If you truly automate the process of measuring a patient’s blood pressure, for example, do you miss the key opportunity to engage that patient in their care regimen? If a chronic condition is automatically monitored wirelessly from a smart bandaid, will the patient have a convenient way to review that information or does the automation itself remove the ideal window for the patient’s review?

Zume Life founder Rajiv Mehta thinks automation does just that. We cannot remove the patient from this process, Mehta told mobihealthnews during a reception at the Wireless Life-Sciences Alliance here in La Jolla, California. If a patient is experiencing abnormal biometrics, like a higher A1c, then the service should give them a chance to explain why they think that may be, Mehta explained.

Others disagree that automation sacrifices patient empowerment and discourage having patients manually entering biometric data at all costs.

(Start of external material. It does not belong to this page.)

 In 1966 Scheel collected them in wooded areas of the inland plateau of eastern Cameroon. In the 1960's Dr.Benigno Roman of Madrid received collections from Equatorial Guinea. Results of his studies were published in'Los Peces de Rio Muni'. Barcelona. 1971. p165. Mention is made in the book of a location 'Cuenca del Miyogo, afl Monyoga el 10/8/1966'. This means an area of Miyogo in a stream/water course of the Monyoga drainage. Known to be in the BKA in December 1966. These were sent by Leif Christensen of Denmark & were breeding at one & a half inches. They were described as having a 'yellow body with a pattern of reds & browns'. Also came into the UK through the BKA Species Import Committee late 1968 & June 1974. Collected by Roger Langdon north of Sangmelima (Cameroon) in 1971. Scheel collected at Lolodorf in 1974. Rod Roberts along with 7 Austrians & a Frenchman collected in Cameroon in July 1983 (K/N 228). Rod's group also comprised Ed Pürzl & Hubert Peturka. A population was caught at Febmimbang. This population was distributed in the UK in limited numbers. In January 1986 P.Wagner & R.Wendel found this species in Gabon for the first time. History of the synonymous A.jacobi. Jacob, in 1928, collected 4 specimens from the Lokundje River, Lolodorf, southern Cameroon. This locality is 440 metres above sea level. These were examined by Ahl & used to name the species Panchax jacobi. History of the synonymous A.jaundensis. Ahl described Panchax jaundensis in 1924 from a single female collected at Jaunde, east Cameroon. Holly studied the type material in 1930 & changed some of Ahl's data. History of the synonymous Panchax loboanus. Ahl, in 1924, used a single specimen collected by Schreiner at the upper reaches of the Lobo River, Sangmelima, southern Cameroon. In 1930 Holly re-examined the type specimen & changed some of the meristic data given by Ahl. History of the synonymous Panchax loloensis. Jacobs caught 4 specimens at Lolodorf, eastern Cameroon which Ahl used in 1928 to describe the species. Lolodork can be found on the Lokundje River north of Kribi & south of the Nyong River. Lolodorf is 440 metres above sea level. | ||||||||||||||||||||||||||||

Scripps Health’s Dr. Eric Topol, who is also Chief Medical Officer of the West Wireless Health Institute, agrees that wireless health services need to get the biometric data in front of the patient to encourage patient empowerment, but “we don’t want to rely on individuals to manually enter anything,” Topol told mobihealthnews in a recent interview, “because it just doesn’t get done efficiently.”

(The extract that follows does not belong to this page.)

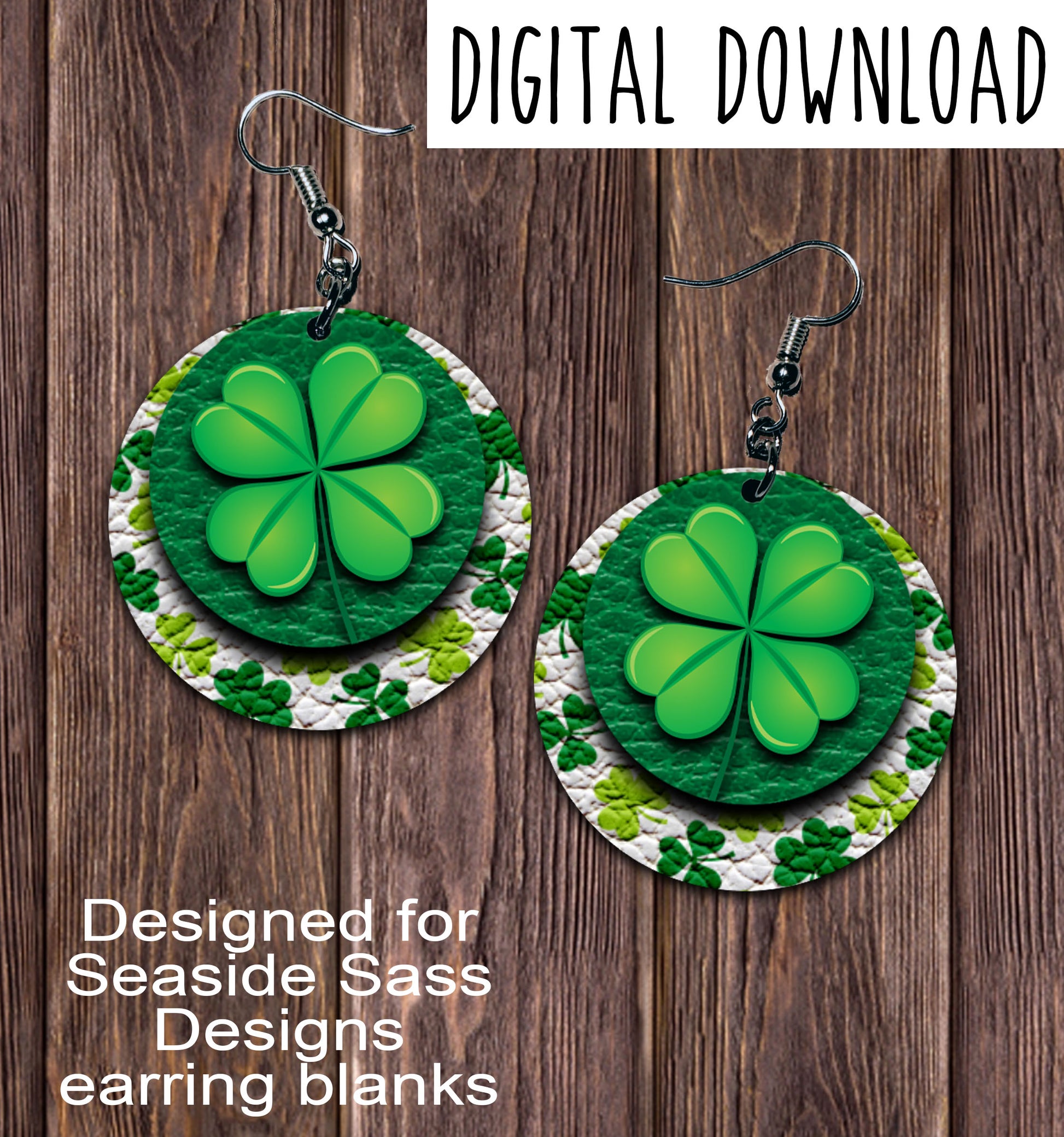 Leaf Clover Circle Earring Sublimation Design, Hand drawn Circle Sublimation earring design, digital download, JPG, PNG

That said, sometimes automation is really the best and only choice — a person monitoring sleep apnea can’t very well manually enter apnea episodes, because they are sleeping, Topol noted.

DiabetesMine’s Amy Tenderich pointed the audience at the Health 2.0 event in Boston last month to another benefit of automation — a wireless health service that is completely automated does not remind a person (all throughout the day, in some cases) that they have a chronic disease. Automation may allows them to focus on other aspects of their daily lives while ensuring that the data is still being captured for review later.

Clearly the balance between automation of data collection and ensuring patient engagement is a tension that the wireless health industry will continue to prod and tweak. What do you think — is automation always key? Is the point of data capture really the best time to engage users?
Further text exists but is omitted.